Help! What analysis should be performed on a dataset like this?

I'm sorry but I really need help on how to perform an analysis on these data.
This dataset, in which is studied the number of calories emitted during exercise on 24 observations (subjects), consists of three variables, all quantitative: ho (heat output) is the dependent variable and is the number of calories burned during activity, wl (work level, i.e. the number of calories burned per hour) and bm (body mass in kg) are, respectively, the regressors.
What kind of univariate and bivariate exploratory analyzes should be performed?
I also tested all three variables with Shapiro's test and none of them has proven to follow a gaussian distribution (p-value was p < 0.01).
I am attaching the dataset hoping it may prove useful.



TS Contributor
Univariate: exploratory data analysis , for example boxplots, stem-an-leaf plots, histograms.
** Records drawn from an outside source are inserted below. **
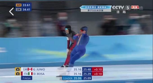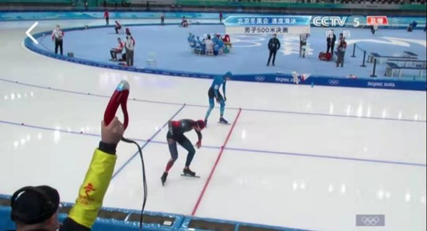 來,直接上圖。圖為2月12日男子500米速滑決賽(截圖來自央視頻)。
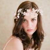結婚式や二次会、パーティで主役のキュートでフェミニンなフラワーヘッドドレスとブレスのセット
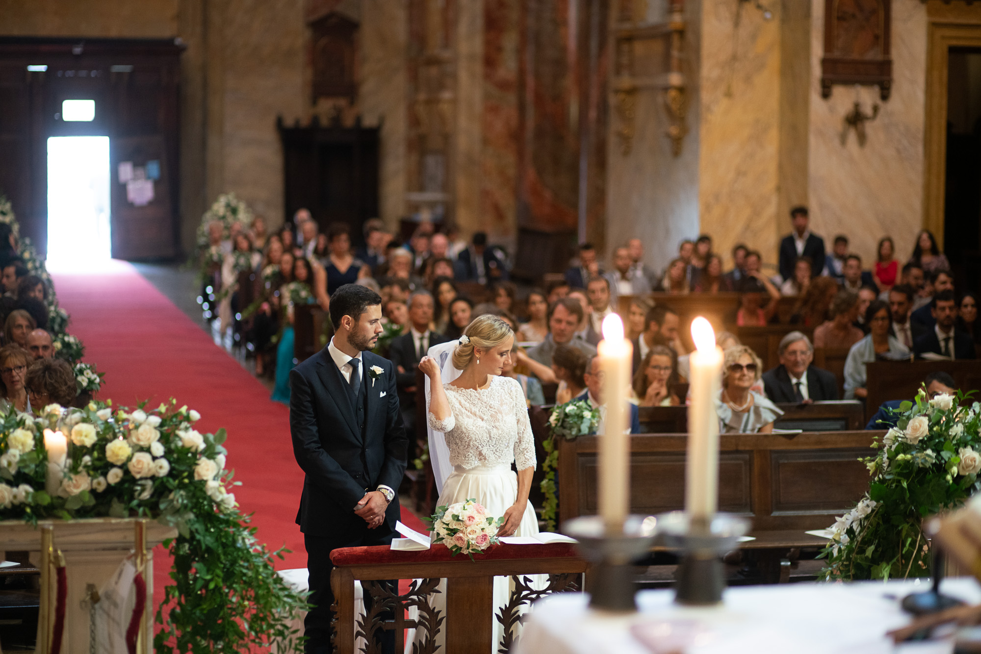 La celebrazione di rito cattolica si è svolta nella Chiesa dì San Massimo. La facciata in pieno stile neoclassico è stata da noi abbellita con due composizioni rigogliose su antichi vasi con colonna, che riprendevano il colonnato dell’edificio.
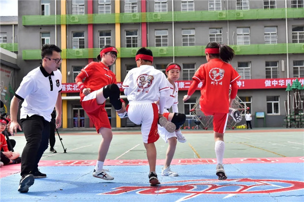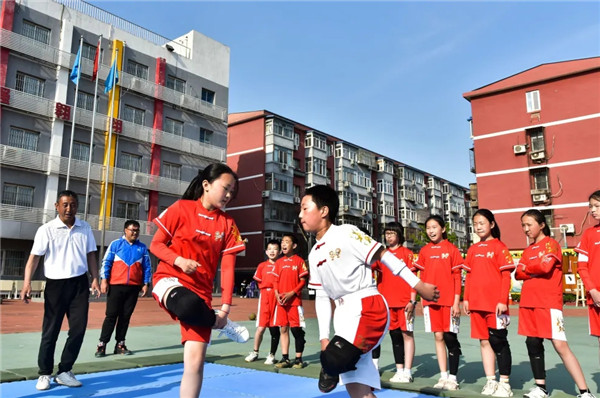 在北京脚斗士协会的帮助引领下,图强二小的体育教师们先参与培训,再由老师在学生中进行教授和普及,通过“体育课、课间操、社团活动”三者并举,“教、学、练、赛”相结合,在同学们中广泛推广。
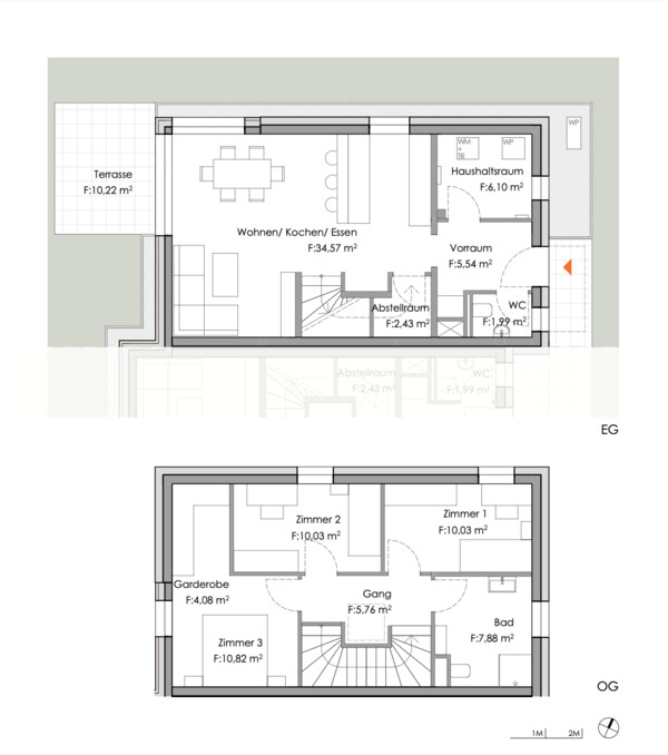 Das zweigeschossig bereits fertiggestellte Haus bietet auf ca. 100 m² Wohnfläche idealen Raum für die ganze Familie. Im Erdgeschoss befinden sich der offene Wohn-/Ess-/Kochbereich mit direktem Zugang zur Terrasse und in den großzügigen Garten, außerdem Windfang/Garderobe, Gäste-WC, Abstellraum und Technikraum. Im Obergeschoss liegen zwei Kinderzimmer, das Elternschlafzimmer mit angeschlossenem Schrankraum sowie das Badezimmer mit WC. Zum Haus gehören zwei KFZ-Stellplätze, die den Wohnkomfort perfekt ergänzen und bequemes Parken direkt am Grundstück ermöglichen.

In addition, descriptive statistics (mean, median, minimum, maximum, variance, skewness, kurtosis).
Bivariate: X-Y scatterplots, Pearson correlations, Spearman correlations.


TS Contributor
In addition, you might perhaps make use of the BMI categories
(proportions of participants underweight/normal weight/overweight/... ;
mean or median work level, mean or median heat output in the respective
Thank you, the main goal of the assignment is actually to build a regression model in which the dependent variable is the number of calories burnt per hour, in function of the other two; since this variable when tested for Shapiro-Wilk has proven to be distributed non normal (slightly evidence since p-value was p=0.03, level of significance was alpha = 0.05), should I consider a GLM to be the best choice?


TS Contributor
For a linear regression, it is not necessary that the dependent variable is normally distributed. If your sample size is small
(n < 30 or so), then the residuals from the model should be normally distributed (in the population). If your sample size is
larger, then the tests are considered robust against nonnormal residuals.


Less is more. Stay pure. Stay poor.
Yes you could use GLM. As mentioned, you would want to review the model residuals, visually and not via standardized testing. Given the small size, formal testing would be under-power and not really needed. You could also think about standardizing the variables. Remember at the end, given the small sample size your generalizability would be highly limited. I would also stay away from categorizing BMI, since that would suck up degrees of freedom. Given you have relatively healthy subjects there will likely be a positive dose response with BMI, but if you had underweight subjects due to an underlying condition or other scenarios - there could be heterogeneity effects (non-linear between DV and BMI.
Sorry for bothering you again guys: the assignment says that there are two models considered in this dataset, while one is a multiple linear regression model and isnt much of a problem, this other one: E(H)=b0+b1*M+(W/(b3+b4*M)) where H is number of calories burnt, W is number of calories burnt per hour and M is body mass in kg, really is a problem for me since (and I quote) "b0,b1,b3 and b4 are all costants" obtained in a non specified graphical way (the study is dated 1913). The equation estimated in the study is -138+4.5M+(W/(0.08+0.003M)) but theres no explanation on how did they get it. Does this model ring any bell to you? I have no clue how to make it in R either or what to do with it because of the presence of these costants.
Should I just go with the multiple linear model? But if so, I don't understand why it is in the assignment then
This is just a thought .... If b4 is small compared with b3, which it is, then W/(b3+b4*M) can be re-expressed as W*(b6 + b7*M).
This is now a linear regression with an interaction term WxM.
All terms are significant, the residuals are now as normal as you could reasonably expect and there is no obvious pattern in the residuals predicted plot.
I imagine that in 1913 they mucked about for days drawing experimental graphs.
On reflection, it isn't.
However, the regression with an interaction is in fact a very good fit with good residual diagnostics.
If you do a rotating 3D plot of the data, it forms a very definite sheet which is almost flat. The effect of the interaction is a slight twisting of the sheet.